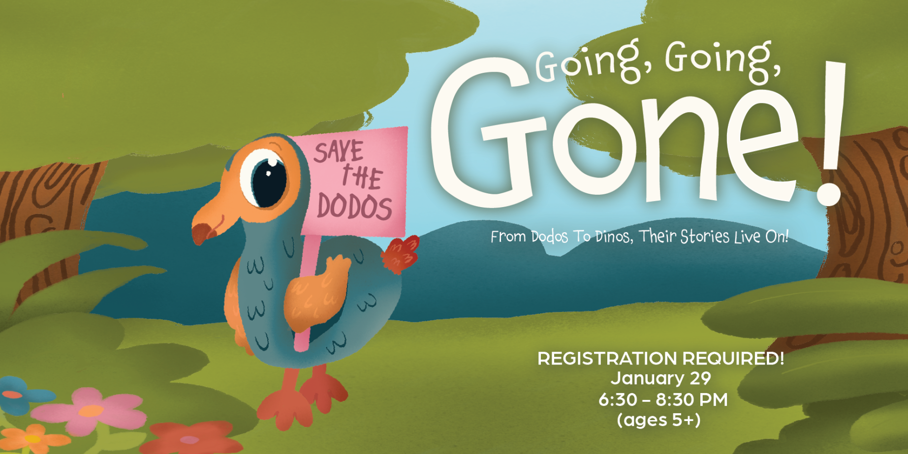 Discover how animals today face some of the same challenges that led to the dodo’s disappearance. Through hands-on activities, stories, and after-hours exhibit exploration, investigate some causes of extinction and learn simple ways to help protect wildlife. This program is suited for ages 5 and up.
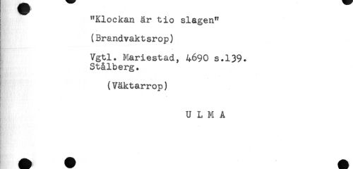 //// (Brandvaktsrop) //// .t? //// Vgtl. Mariestad, 4690 s.139. //// Stålberg. //// ' (Väktarrop) //// ! //// U L M A ////
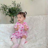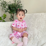 Cocohanee - Creamy Strawberry Baby Short Shoulder Button Pajamas - Piyama Bayi dengan Kancing di Bahu
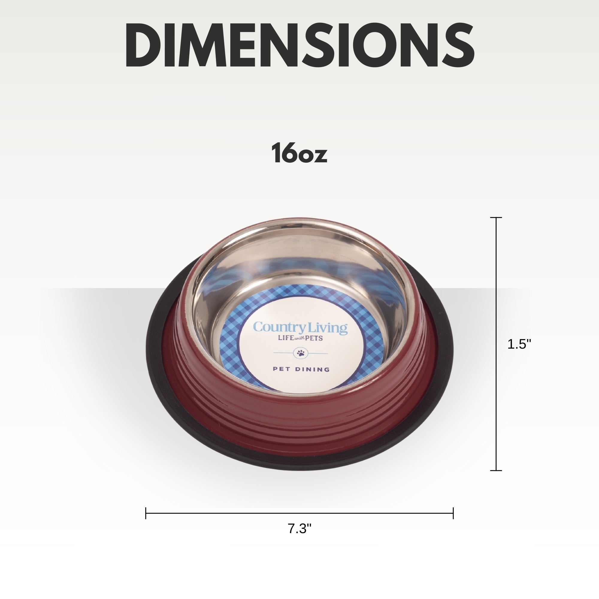 Country Living Set of 2 Ribbed Non-Slip Pet Bowls – Merlot Red ‐ 24 oz
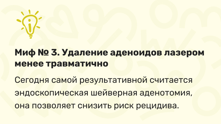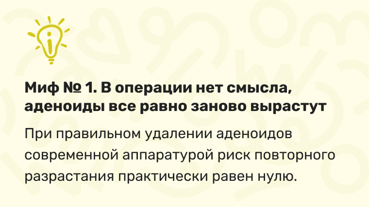 Но если интервалы между эпизодами острых респираторных инфекций слишком короткие, аденоиды постоянно находятся в гипертрофированном, то есть увеличенном, виде. И тогда возникают вышеперечисленные симптомы.
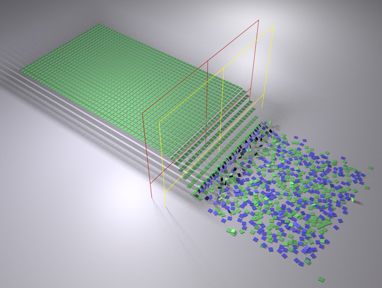 Cela peut, par exemple, être utilisé pour créer des chaînes de réaction comme celle que voyez dans ces expériences élaborées sur les pièges à souris. Dans l'exemple suivant, chaque clone s'est vu attribué une Vélocité linéaire initiale le long de l'axe Y (vers le haut). Déclencher. Si un autre clone est lâché au centre de la construction, la réaction en chaîne sera déclencher sur:
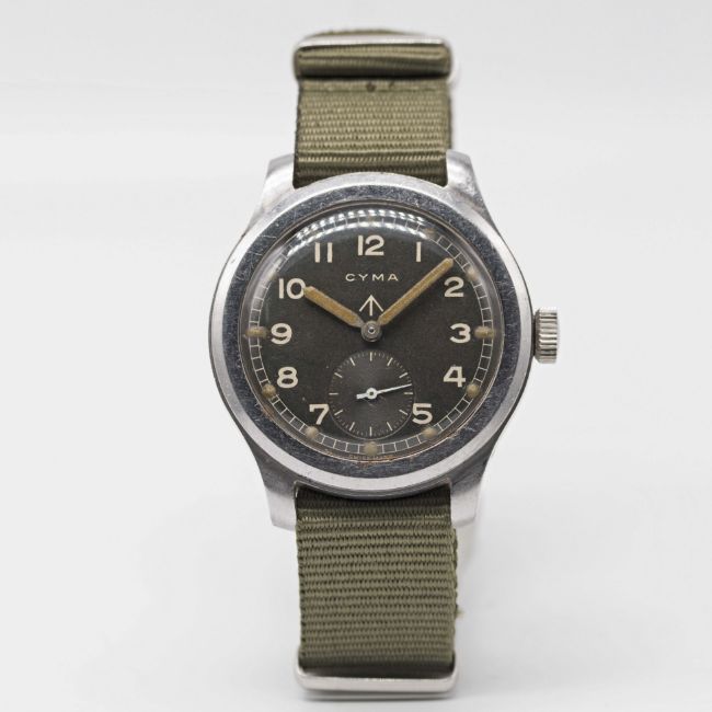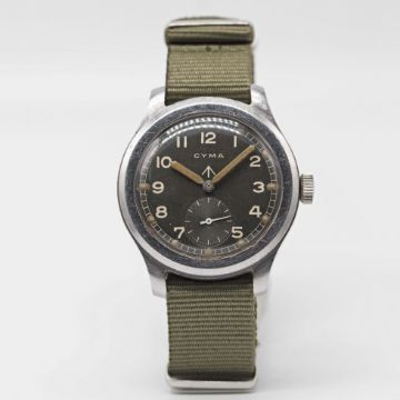 A GENTLEMAN'S STAINLESS STEEL BRITISH MILITARY CYMA W.W.W. WRIST WATCHCIRCA 1940s, PART OF THE "DIRTY DOZEN"Movement: 15J, manual wind, cal. 234, signed Cyma, numbered.Case: Diameter approx. 38mm, fixed bars, screw back, issue markings ^ W.W.W. P15619 20619, dust cover.Strap: NATO.CONDITION REPORTDial: Original dial in excellent condition, showing some small signs of age.Movement: Working at present.Case: In excellent condition, with some small scratches due to use.Strap/Bracelet: In excellent condition.
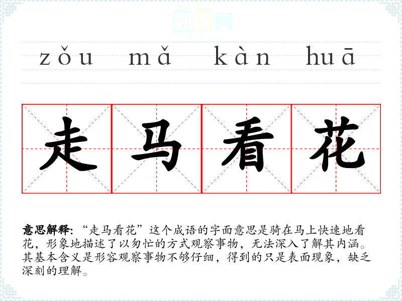 “走马看花”这个成语的字面意思是骑在马上快速地看花,形象地描述了以匆忙的方式观察事物,无法深入了解其内涵。其基本含义是形容观察事物不够仔细,得到的只是表面现象,缺乏深刻的理解。
*****
Would you please copy the material exactly, leaving all the pictures out?

 Discover how animals today face some of the same challenges that led to the dodo’s disappearance. Through hands-on activities, stories, and after-hours exhibit exploration, investigate some causes of extinction and learn simple ways to help protect wildlife. This program is suited for ages 5 and up.
 //// (Brandvaktsrop) //// .t? //// Vgtl. Mariestad, 4690 s.139. //// Stålberg. //// ' (Väktarrop) //// ! //// U L M A ////
 Cocohanee - Creamy Strawberry Baby Short Shoulder Button Pajamas - Piyama Bayi dengan Kancing di Bahu
 Country Living Set of 2 Ribbed Non-Slip Pet Bowls – Merlot Red ‐ 24 oz
 Но если интервалы между эпизодами острых респираторных инфекций слишком короткие, аденоиды постоянно находятся в гипертрофированном, то есть увеличенном, виде. И тогда возникают вышеперечисленные симптомы.
 Cela peut, par exemple, être utilisé pour créer des chaînes de réaction comme celle que voyez dans ces expériences élaborées sur les pièges à souris. Dans l'exemple suivant, chaque clone s'est vu attribué une Vélocité linéaire initiale le long de l'axe Y (vers le haut). Déclencher. Si un autre clone est lâché au centre de la construction, la réaction en chaîne sera déclencher sur:
 A GENTLEMAN'S STAINLESS STEEL BRITISH MILITARY CYMA W.W.W. WRIST WATCHCIRCA 1940s, PART OF THE "DIRTY DOZEN"Movement: 15J, manual wind, cal. 234, signed Cyma, numbered.Case: Diameter approx. 38mm, fixed bars, screw back, issue markings ^ W.W.W. P15619 20619, dust cover.Strap: NATO.CONDITION REPORTDial: Original dial in excellent condition, showing some small signs of age.Movement: Working at present.Case: In excellent condition, with some small scratches due to use.Strap/Bracelet: In excellent condition.
 “走马看花”这个成语的字面意思是骑在马上快速地看花,形象地描述了以匆忙的方式观察事物,无法深入了解其内涵。其基本含义是形容观察事物不够仔细,得到的只是表面现象,缺乏深刻的理解。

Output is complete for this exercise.